» **EXCERPTED DATA**:
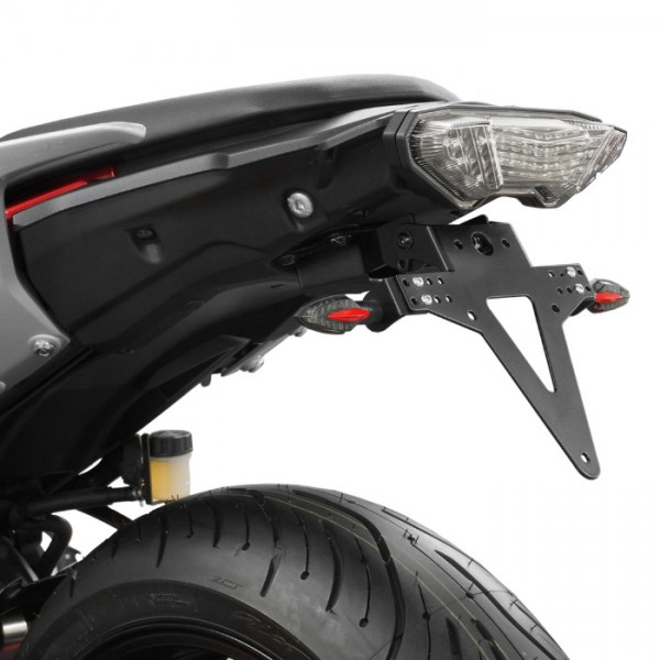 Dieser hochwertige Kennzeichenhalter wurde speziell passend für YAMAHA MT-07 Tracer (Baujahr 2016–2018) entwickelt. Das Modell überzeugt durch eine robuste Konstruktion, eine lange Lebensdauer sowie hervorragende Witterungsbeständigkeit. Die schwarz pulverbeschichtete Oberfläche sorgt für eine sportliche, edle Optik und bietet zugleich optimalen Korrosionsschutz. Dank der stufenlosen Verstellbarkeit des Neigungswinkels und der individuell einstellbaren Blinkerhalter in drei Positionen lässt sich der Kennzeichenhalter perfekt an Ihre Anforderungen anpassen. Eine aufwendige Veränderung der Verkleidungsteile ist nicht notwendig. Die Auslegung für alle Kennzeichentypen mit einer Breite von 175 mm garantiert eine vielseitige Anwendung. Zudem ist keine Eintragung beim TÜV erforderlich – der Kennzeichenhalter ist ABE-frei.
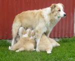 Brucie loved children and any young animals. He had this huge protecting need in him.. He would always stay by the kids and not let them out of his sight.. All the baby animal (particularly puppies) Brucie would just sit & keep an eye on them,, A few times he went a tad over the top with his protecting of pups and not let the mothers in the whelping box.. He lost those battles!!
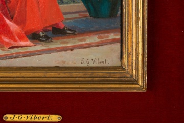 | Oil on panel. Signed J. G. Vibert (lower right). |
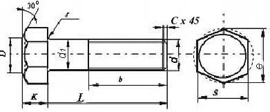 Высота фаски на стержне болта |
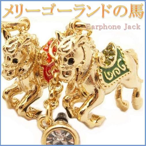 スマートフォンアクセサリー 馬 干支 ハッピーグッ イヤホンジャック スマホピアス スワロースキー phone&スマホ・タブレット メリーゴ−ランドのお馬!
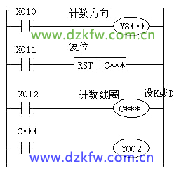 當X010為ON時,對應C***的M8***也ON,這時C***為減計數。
* * *
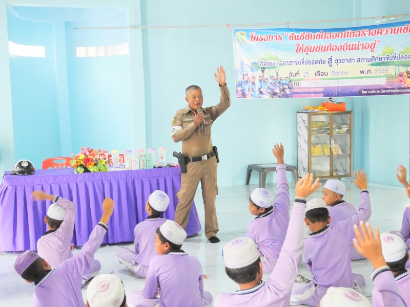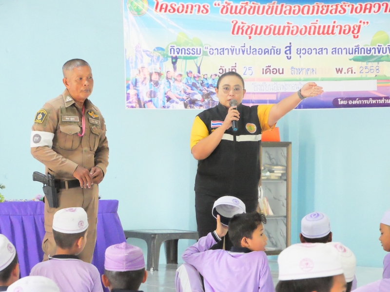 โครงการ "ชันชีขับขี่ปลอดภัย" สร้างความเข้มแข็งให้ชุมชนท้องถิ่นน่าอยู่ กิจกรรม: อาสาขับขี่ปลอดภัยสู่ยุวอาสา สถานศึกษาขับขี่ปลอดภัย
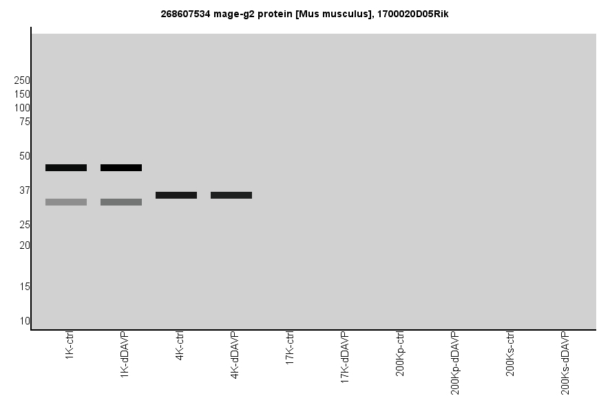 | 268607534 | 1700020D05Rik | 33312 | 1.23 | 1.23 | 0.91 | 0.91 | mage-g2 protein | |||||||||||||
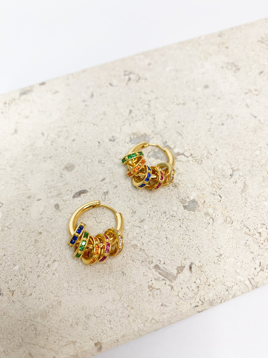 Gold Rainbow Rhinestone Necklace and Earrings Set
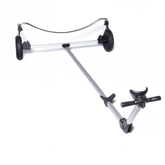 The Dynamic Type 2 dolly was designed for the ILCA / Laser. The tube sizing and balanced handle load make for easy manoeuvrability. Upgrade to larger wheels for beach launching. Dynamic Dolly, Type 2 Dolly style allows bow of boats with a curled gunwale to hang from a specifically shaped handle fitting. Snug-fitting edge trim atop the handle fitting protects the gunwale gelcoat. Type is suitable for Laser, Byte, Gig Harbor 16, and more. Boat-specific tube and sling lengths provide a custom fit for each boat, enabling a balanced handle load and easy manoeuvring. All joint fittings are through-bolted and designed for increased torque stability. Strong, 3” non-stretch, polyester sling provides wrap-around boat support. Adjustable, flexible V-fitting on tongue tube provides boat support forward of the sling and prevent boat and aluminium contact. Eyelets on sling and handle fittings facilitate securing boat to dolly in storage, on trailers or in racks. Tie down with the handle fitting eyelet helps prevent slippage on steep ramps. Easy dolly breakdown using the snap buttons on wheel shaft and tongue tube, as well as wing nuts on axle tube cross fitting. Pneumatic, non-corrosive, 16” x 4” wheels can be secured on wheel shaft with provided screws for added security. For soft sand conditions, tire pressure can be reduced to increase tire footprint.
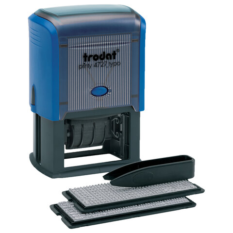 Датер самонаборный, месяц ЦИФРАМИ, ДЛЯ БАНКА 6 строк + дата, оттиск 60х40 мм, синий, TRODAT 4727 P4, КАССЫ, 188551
* * *
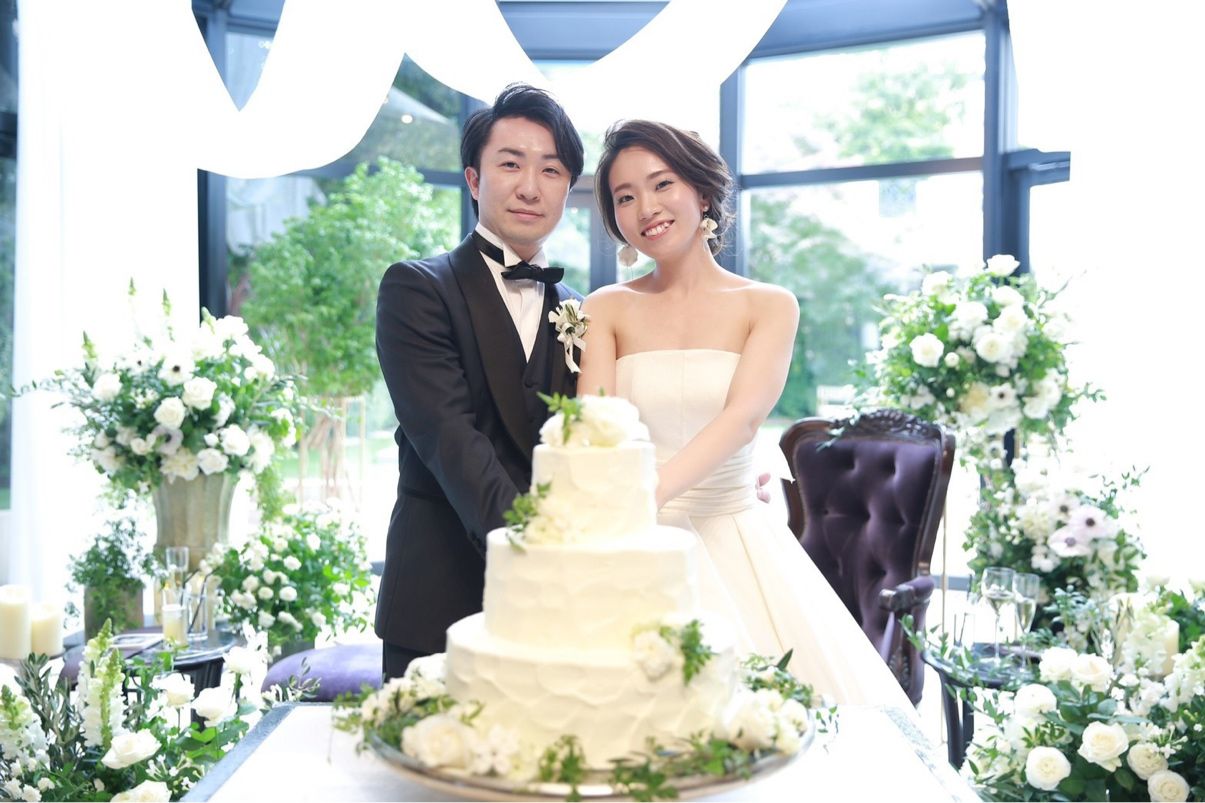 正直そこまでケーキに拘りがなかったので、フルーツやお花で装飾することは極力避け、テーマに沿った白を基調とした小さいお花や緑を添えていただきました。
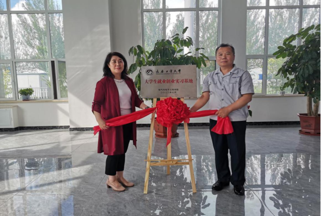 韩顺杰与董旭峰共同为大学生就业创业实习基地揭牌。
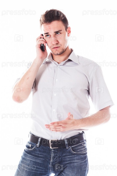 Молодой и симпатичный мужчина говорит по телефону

» **INSTRUCTIONS FOR THE TASK**: Keep to the lines above from the line with "Brucie loved children" to the line with "當X010為ON時,對應C***的M8***也ON,這時C***為減計數。", and set down exactly those, inclusive, with nothing else and every picture left out.

» **EXERCISE SOLUTION**:
 Brucie loved children and any young animals. He had this huge protecting need in him.. He would always stay by the kids and not let them out of his sight.. All the baby animal (particularly puppies) Brucie would just sit & keep an eye on them,, A few times he went a tad over the top with his protecting of pups and not let the mothers in the whelping box.. He lost those battles!!
 | Oil on panel. Signed J. G. Vibert (lower right). |
 Высота фаски на стержне болта |
 スマートフォンアクセサリー 馬 干支 ハッピーグッ イヤホンジャック スマホピアス スワロースキー phone&スマホ・タブレット メリーゴ−ランドのお馬!
 當X010為ON時,對應C***的M8***也ON,這時C***為減計數。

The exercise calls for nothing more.